On the downside, however, if both Standard & Poor’s and Moody’s cut the local currency rating to sub-investment grade and South Africa exits the Citibank World Government Bond Index, the country will lose somewhere around $7 to $10 billion of index-related funds, which will be forced to leave the country. The Rand will, over time, move more towards R14 to the dollar.
Coleman believes the ANC elective conference at the end of the year will be a binary moment for the country. “The choice that the ANC is going to make will have a large effect on the country, between a continued patronage state versus a constitutional democracy and a modern market economy,” he said. “This, we think, will bring about two decades of upside or downside to follow.”
South Africa’s people have always had a tendency to confound sceptics, Coleman notes. He believes the biggest opportunity is to put its eight million unemployed people to work. “That is a priority for everyone,” he said. “For that to happen, pro-business policies are a pre-condition. We cannot have pro-poor policies with an anti-business agenda. To achieve this, we have to follow an inclusive growth agenda… We have to work out structural reforms to get there.”

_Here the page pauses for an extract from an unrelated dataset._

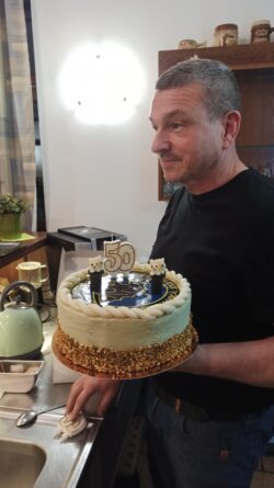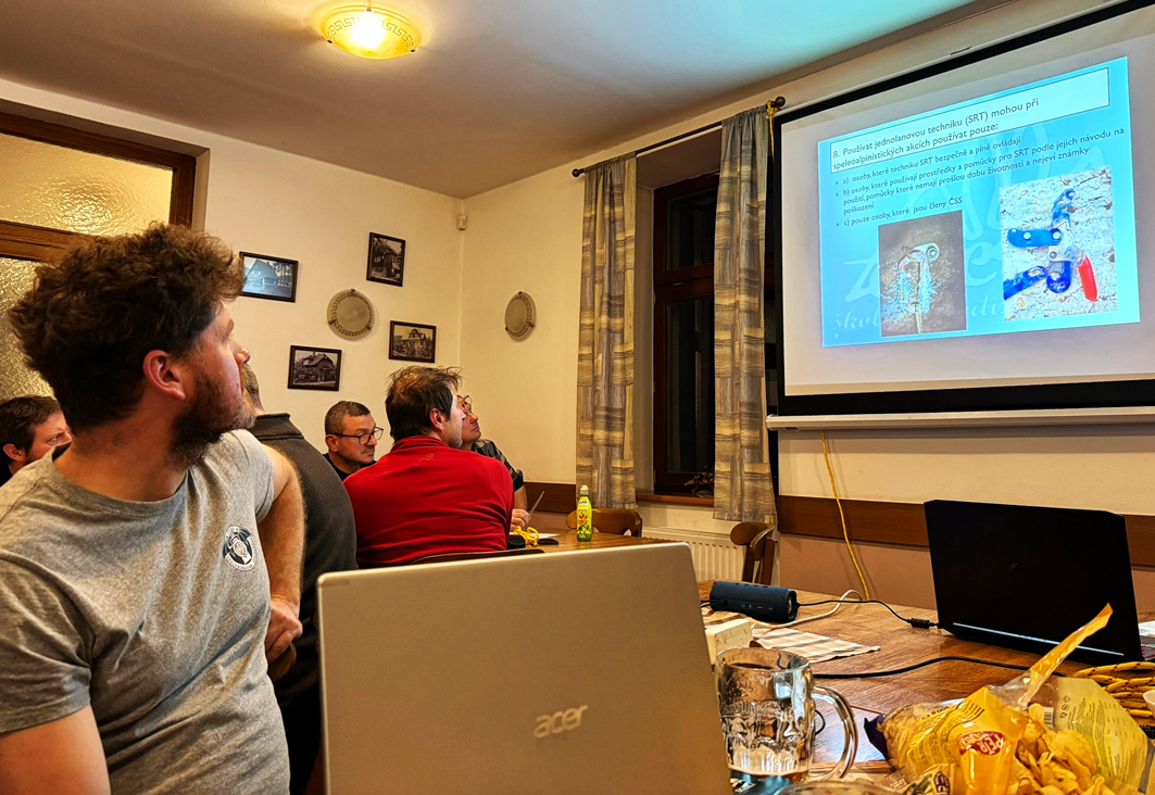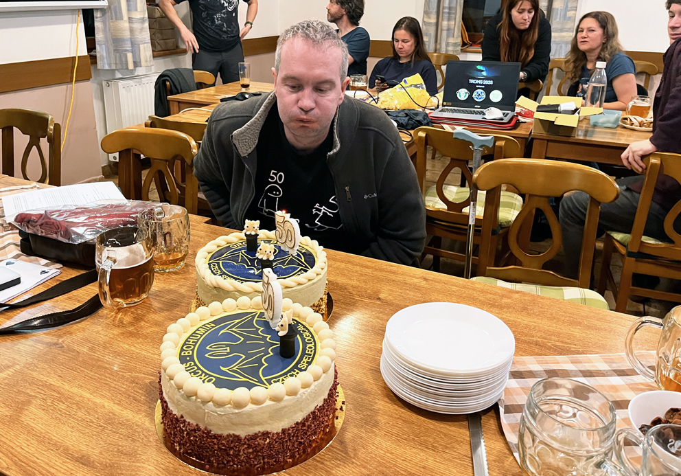 Sobotní večer pak už patřil výročce. A nejen povinný program, také přednášky o loňských expedicích, výklad a testy z bezpečnosti v jeskyních, kvíz o našich jeskyních a činnosti ORCUSu… a také díky Vojtovi kytara se zpěvy. A hlavně veliké gratulace Bobkovi, neb slavil své padesátiny a k tomu mu Láďa napekl opravdu super speciální dorty.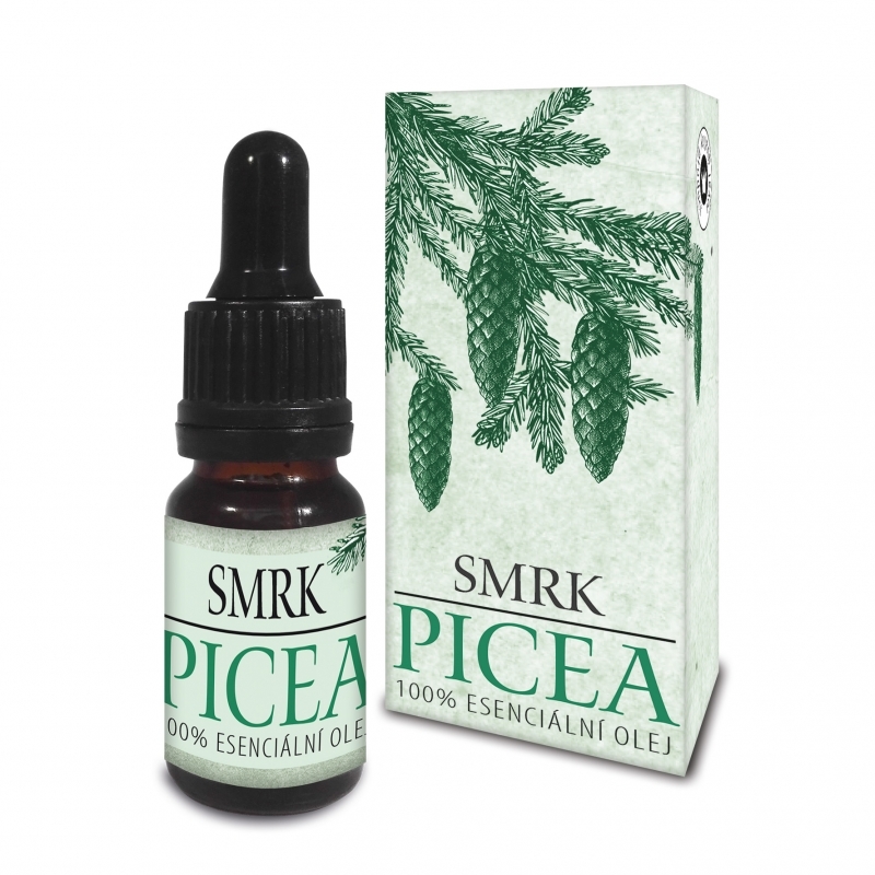 Zapach świerku jest podobny do zapachu sosny, ale jest ciemniejszy i ziemisty. Jego olejki eteryczne uspokajają i ugruntowują. Pąki, żywica, igliwie i pędy stosowane są w leczeniu dny, reumatyzmu, zapalenia oskrzeli oraz stanów zapalnych gardła i krtani. Olejek eteryczny ma właściwości przeciwskurczowe, pobudzające krążenie i przeciwzapalne. Jest antyseptyczny, antybakteryjny, skutecznie wspomaga układ moczowy i krążenia. Łagodzi kaszel, ułatwia odkrztuszanie i zmniejsza odkrztuszanie wydzieliny, łagodzi bóle, pomaga przy reumatyzmie, zapaleniu stawów oraz bólach mięśni i stawów. Stosowany jest jako środek do masażu po urazach.

His opinion is that South Africa needs to consider an emergency economic recovery plan within the next six months, which will require partnership between business, government and labour, but on a “team” basis. Defeating state capture, he concluded, is a necessary first step.”

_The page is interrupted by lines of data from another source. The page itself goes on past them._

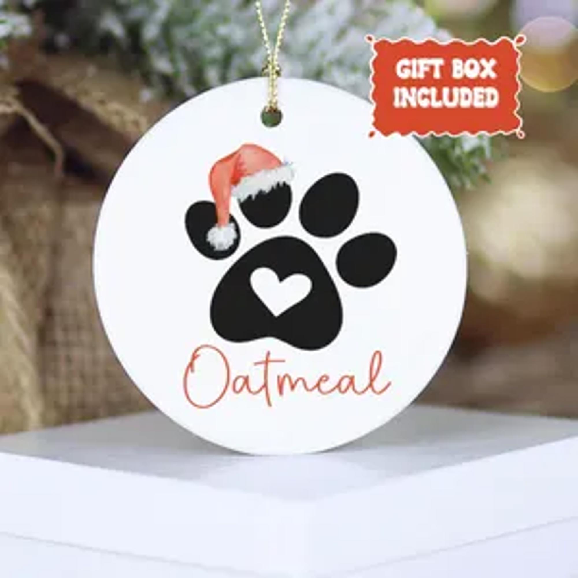Dog or Cat Christmas Ornament; Personalized with Pet's Name; Green, Gray, Black or Brown Paw; Santa Hat, Bow, or Christmas Lights Accents
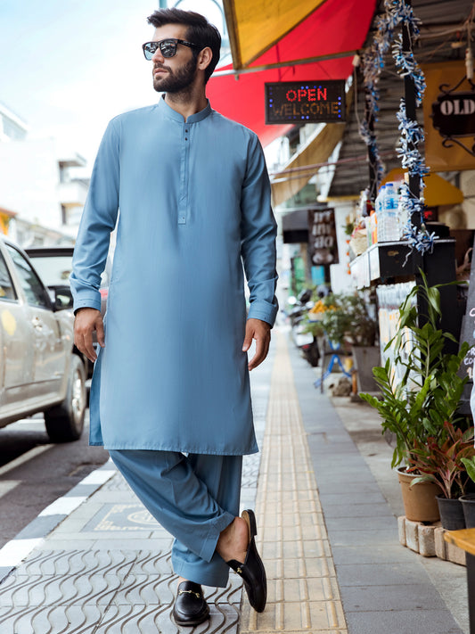 Light Blue Cotton Kameez Shalwar - AL-KS-2530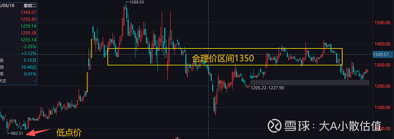 股价 15年合理价1350,25年合理价10000(后复权,合理股价指当年该时段,比较容易买到或卖出的价格,并非单指股价是否合理估值)

What happens when foreign funding runs out?
Nazmeera Moola, Economist and Strategist at Investec Asset Management, said she is worried about weak growth.
“I’m now expecting growth to be under a percent,” she said. “The only reason we have growth at all is because of strong commodity prices and a strong agricultural harvest.”
If, Moola said, growth was dependent on local factors alone, we’d be in recession. Weaker growth will result in lower tax collections. Government then needs to borrow more, which eventually results in higher borrowing costs.
At the same time, she said, state-owned entities (SOEs) are not currently able to borrow in the local bond market – another worrying sign. As an example, she cites recent bond auctions by TransNet, which raised R10 to R25 million, whereas prior to the cabinet reshuffle, they might have raised R250 million.
Private companies, on the other hand, find their auctions oversubscribed. “Foreign investors are funding the government. They don’t play in the state-owned company market much. State-owned companies are dependent on local funders. And local investors are not lending them money. That’s the risk,” she says.
An international view
Isabelle Mateos y Lago, Chief Multi-Asset Strategist at BlackRock, echoed a theme of positivity that emerged during the morning sessions of the Discovery Financial Planning Summit.
“We think today’s global market environment is one of the most positive we’ve seen since the global financial crisis,” she said. “Why is that? Well, because we’re in an environment of global reflation.”
BlackRock defines reflation as a virtuous cycle of higher economic growth, income and prices. While reflation was previously limited to the US, the rest of the world is now catching up, while the US is stabilising.
Mateos y Lago acknowledged that the world is still facing deep structural challenges, including political uncertainty, but says that by making smart investment decisions, there are good returns available. She said BlackRock believes that market consensus around growth is currently too pessimistic.
The good news, she says, is that if you’re willing to take more risk, you can get better returns. “You’re getting paid to take risk, which is an important message in today’s environment.”
In the current market environment, she noted, because basic returns are so low, it makes it even more important to take somewhat more risk than one is instinctively comfortable with.